Since we're featuring Angela's Farm House mini book kit today, I'll explain the process with the cover:
- Always start with a base. In this case, there are two pieces of decorative Farm House paper for the base: red checked goes on first followed by the ledger paper.
- Begin adding chipboard pieces and build one on top of another. The chipboard post card is placed on top of the ledger paper followed by the balloon (making the balloon layer #4!).
- Add smaller pieces that make sense to your design. These can be more chipboard pieces or elements you cut from decorative paper. Here you see clouds, word pieces and cancelled stamp images.

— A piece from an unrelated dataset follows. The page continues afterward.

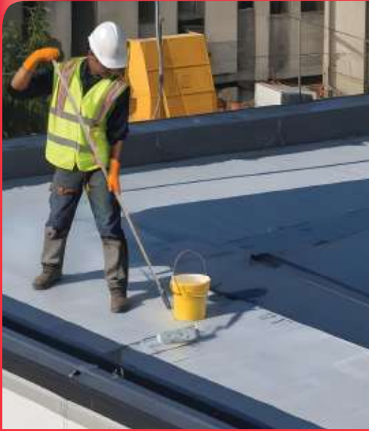
▶ Excel Proof 9200 & Fiber 9300 can be used to protect exterior areas such as the rooftop, wall, guttering and balconies.

Some people say there are no rules. I'm a rule follower though, so it's easier for me to think in terms of rules. Here are a few of mine:
- Choose a color palette and stick with it throughout a project. I like to work with 3 different colors (discounting black and white as color). There are, of course, variations on those colors but for the most part, I stick with what I started with.
- No floaters! When adding layers or embellishments, have one touch another to keep the eye flowing through the project. If that can't be done, then have it relate to the total look of the design. If it doesn't your eye skips around the page, never knowing when to stop and enjoy the overall design.
- Use chipboard elements to raise the design. So many times we purchase beautiful papers and pass up the decorative pieces that are designed to coordinate with the paper. If possible, buy the little extras that add dimension to the overall look.
- Or . . . make your own chipboard pieces. Using parts of the decorative paper, fussy cut elements and raise them up yourself by backing with either chipboard or pop-ups. I prefer using chipboard as it gives the raised piece a sturdy base.
- Ink the edges! With the use of a marker or an ink pad, you can ink the chipboard edges (those brown sides) and give them a finished look. The same goes for those white paper edges.
Hope this helps with layering.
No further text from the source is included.